Kiplinger’s Personal Finance: How to check the financial health of a continuing care retirement community

Community care retirement communities promise to see retirees through independent living to skilled nursing care — usually for a hefty upfront fee.

Before turning over a chunk of your nest egg to a community, check out its financial stability and services first.

Begin by digging deeper into the quality of its health care.

Use the “Nursing Home Comparison” tool at www.medicare.gov, which rates facilities and lets you compare up to three at a time. Note the total number of licensed-nurse staff-hours devoted to each resident per day. The more, the better, especially for registered nurses.

For information and inspection reports on the assisted living facilities, visit the website of the state’s department of health, social services or aging and use its facility finder.

When you visit a community care retirement community, be sure to tour the assisted living and skilled nursing facilities. Look for positive interactions among members of the staff, as well as among staff and residents.

Ask for the community care retirement community’s disclosure statement, including audited financial figures. The disclosure statement contains clues to help you determine whether a community care retirement community has the financial resources necessary to provide services now and in the future.

Expenses that are greater than operating income, and liabilities that exceed assets, are red flags.

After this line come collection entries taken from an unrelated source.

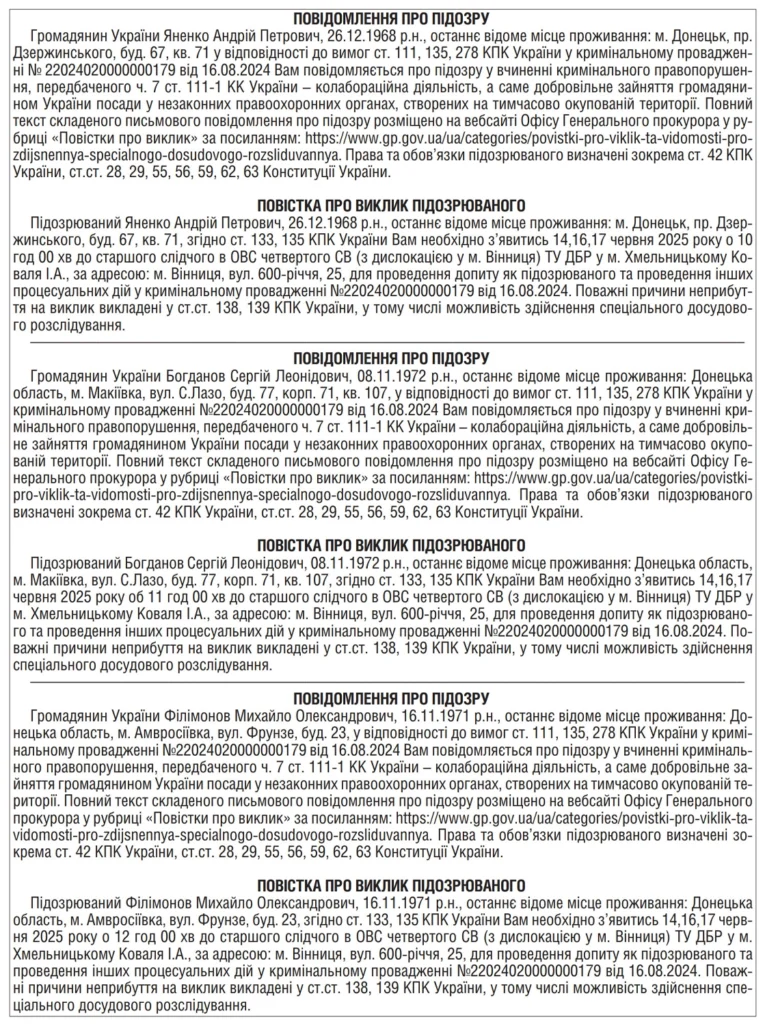За процесуальним керівництвом Вінницької обласної прокуратури трьом громадянам України висунуто обвинувачення за ч. 7 ст. 111-1 КК України у колабораційній діяльності. Підозрювані, керівники так званих Амвросіївської, Донецької та Харцизької митниць, перейшли на службу у незаконно створену «Донецьку митницю Південного територіального митного управління рф» на тимчасово окупованій території Донецької області. Про це повідомили у Офісі Генерального прокурора, пресслужба Вінницької обласної прокуратури та речники Територіального управління Державного бюро розслідувань (ДБР) у м. Хмельницькому.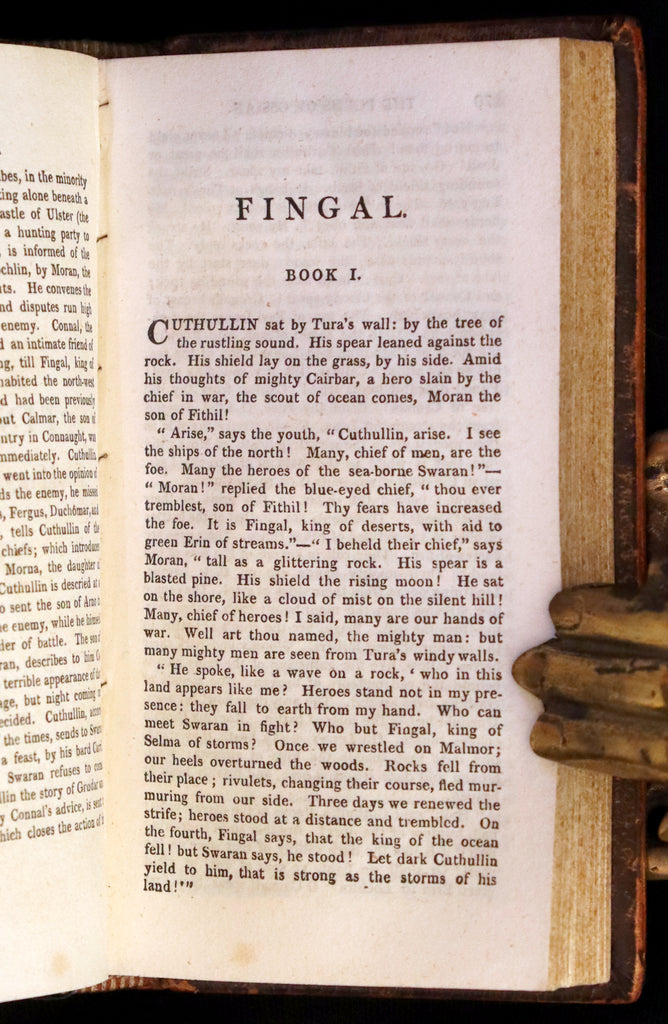 The book: Rare and attractive first J. Walker edition of the Poems of Ossian - Ossian is the narrator and purported author of a cycle of epic poems published by the Scottish poet James Macpherson from 1760. Macpherson claimed to have collected word-of-mouth material in Gaelic, said to be from ancient sources, and that the work was his translation of that material. Ossian is based on Oisín, son of Finn or Fionn mac Cumhaill, anglicised to Finn McCool, a legendary bard who is a character in Irish mythology. Contemporary critics were divided in their view of the work's authenticity, but the consensus since is that Macpherson framed the poems himself, based on old folk tales he had collected.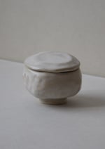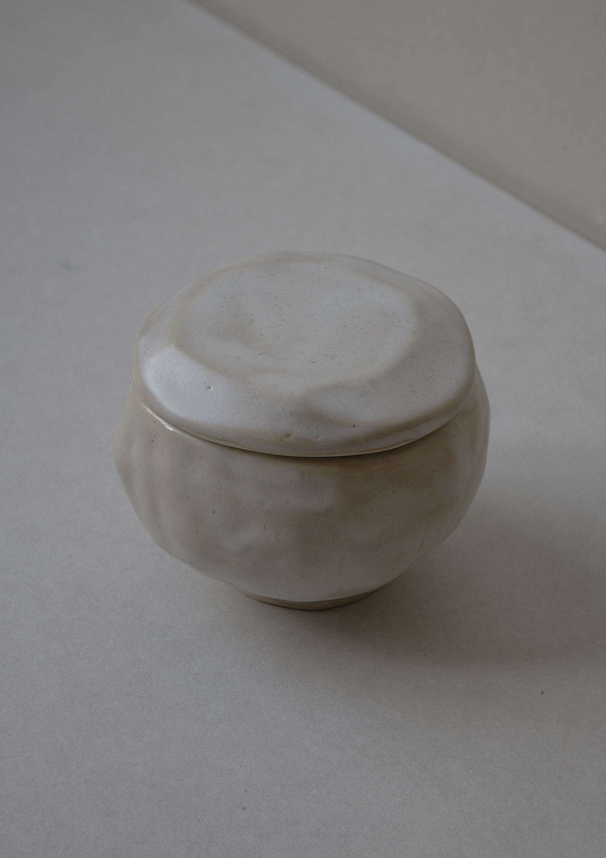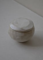 Ici, une boîte avec son couvercle. J’avais voulu changer mes gestes de façonnage, en remplaçant la technique de la plaque par celle des colombins, lui dessinant ainsi une forme plus ronde. J’aime son format, proche du bol. Je n’aime pas le couvercle. Une légère fissure est apparue à la cuisson.

If numbers aren’t your thing, take the audited financial statement and other disclosures to your accountant, lawyer or financial adviser.

Community care retirement communities charge monthly fees that are pooled to run the community and provide for residents’ long-term care. Ask for the history of the community’s monthly fees, which average $3,266 nationwide.

It’s not unusual for fee increases to exceed inflation by a little, but a jump of 15 to 20 percent over the past several years could be a sign of poor management or budgeting (or that the community care retirement community had a major renovation), said Debbie Levenson, a financial planner in Newton, Mass.

What if you can’t keep up with monthly fees? The answer should be spelled out in the contract.

Some community care retirement communities accept Medicaid; others don’t. Some will draw down the refundable entrance fee. Most community care retirement communities are nonprofit and have a so-called benevolent fund that will subsidize or cover your continued stay.

Some for-profits also will do what they can to keep residents in place, said Brad Breeding, founder of myLifeSite.net, a website with information on hundreds of community care retirement communities in 11 states.

But Breeding adds he has seen some for-profit contracts that require residents to leave the community care retirement community after a certain number of days if they can’t pay the fees.